Para que su horror sea perfecto, César, acosado al pie de la estatua por los impacientes puñales de sus amigos, descubre entre las caras y los aceros la de Marco Bruto, su protegido, acaso su hijo, y ya no se defiende y exclama: ¡Tú también, hijo mío! Shakespeare y Quevedo recogen el patético grito.

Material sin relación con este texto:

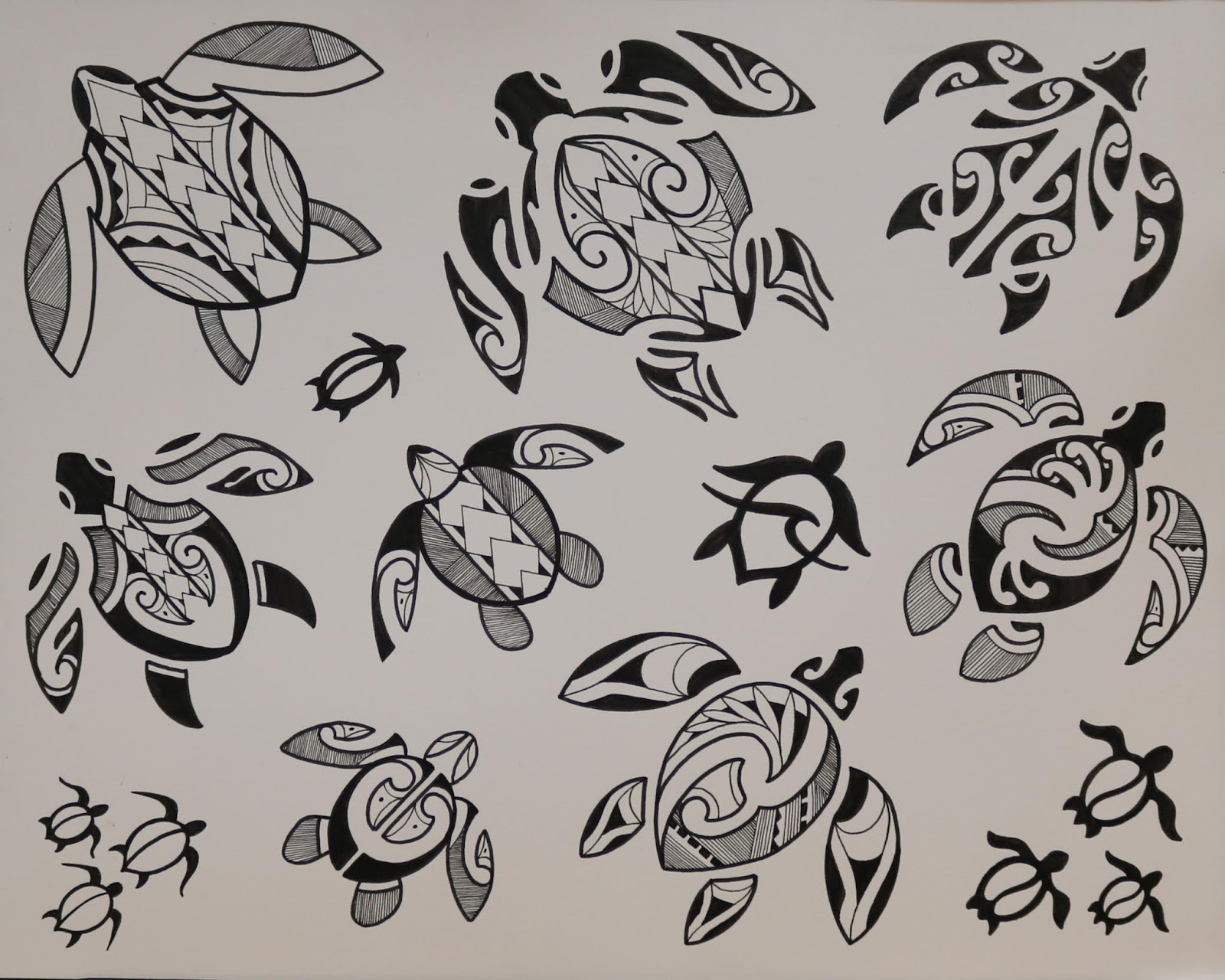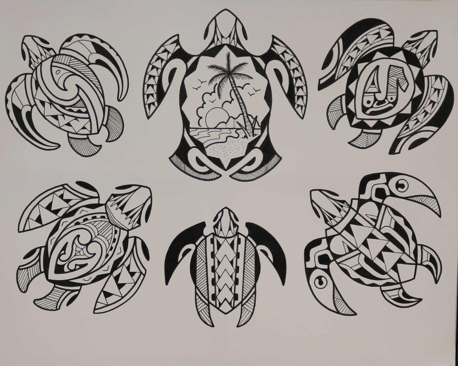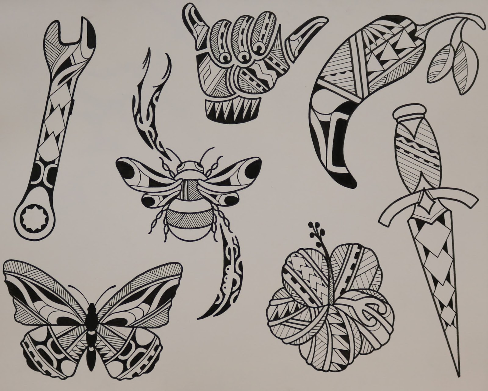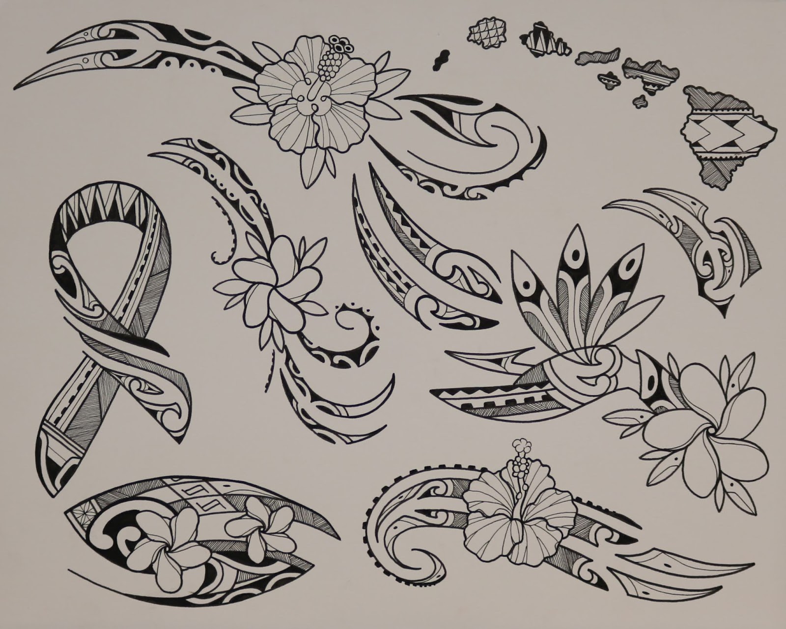 I have finally completed my Polynesian flash paintings for the studio. All of these watercolors have been tattooed. I drew this flash up almost a year ago, and just kept painting it as I tattooed it. I really had a good time going through all of these. I am on to a new flash project at the moment, and I will post that as soon as I have tattooed it all.

 Al destino le agradan las repeticiones, las variantes, las simetrías; diecinueve siglos después, en el sur de la provincia de Buenos Aires, un gaucho es agredido por otros gauchos y, al caer, reconoce a un ahijado suyo y le dice con mansa reconvención y lenta sorpresa (estas palabras hay que oírlas, no leerlas): ¡Pero, che! Lo matan y no sabe que muere para que se repita una escena.

Jorge Luis Borges

La fe y las montañas

Al principio la fe movía montañas sólo cuando era absolutamente necesario, con lo que el paisaje permanecía igual a sí mismo durante milenios.
Pero cuando la fe comenzó a propagarse y a la gente le pareció divertida la idea de mover montañas, éstas no hacían sino cambiar de sitio, y cada vez era más difícil encontrarlas en el lugar en que uno las había dejado la noche anterior; cosa que por supuesto creaba más dificultades que las que resolvía. La buena gente prefirió entonces abandonar la fe y ahora las montañas permanecen por lo general en su sitio.
Cuando en la carretera se produce un derrumbe bajo el cual mueren varios viajeros, es que alguien, muy lejano o inmediato, tuvo un ligerísimo atisbo de fe.
Augusto Monterroso 

Historias de Cronopios y de famas

Piensa en esto: cuando te regalan un reloj te regalan un pequeño infierno florido, una cadena de rosas, un calabozo de aire. No te dan solamente el reloj, que los cumplas muy felices y esperamos que te dure porque es de buena marca, suizo con áncora de rubíes; no te regalan solamente ese menudo picapedrero que te atarás a la muñeca y pasearás contigo. Te regalan —no lo saben, lo terrible es que no lo saben—, te regalan un nuevo pedazo frágil y precario de ti mismo, algo que es tuyo pero no es tu cuerpo, que hay que atar a tu cuerpo con su correa como un bracito desesperado colgándose de tu muñeca. Te regalan la necesidad de darle cuerda todos los días, la obligación de darle cuerda para que siga siendo un reloj; te regalan la obsesión de atender a la hora exacta en las vitrinas de las joyerías, en el anuncio por la radio, en el servicio telefónico. Te regalan el miedo de perderlo, de que te lo roben, de que se te caiga al suelo y se rompa. Te regalan su marca, y la seguridad de que es una marca mejor que las otras, te regalan la tendencia de comparar tu reloj con los demás relojes. No te regalan un reloj, tú eres el regalado, a ti te ofrecen para el cumpleaños del reloj.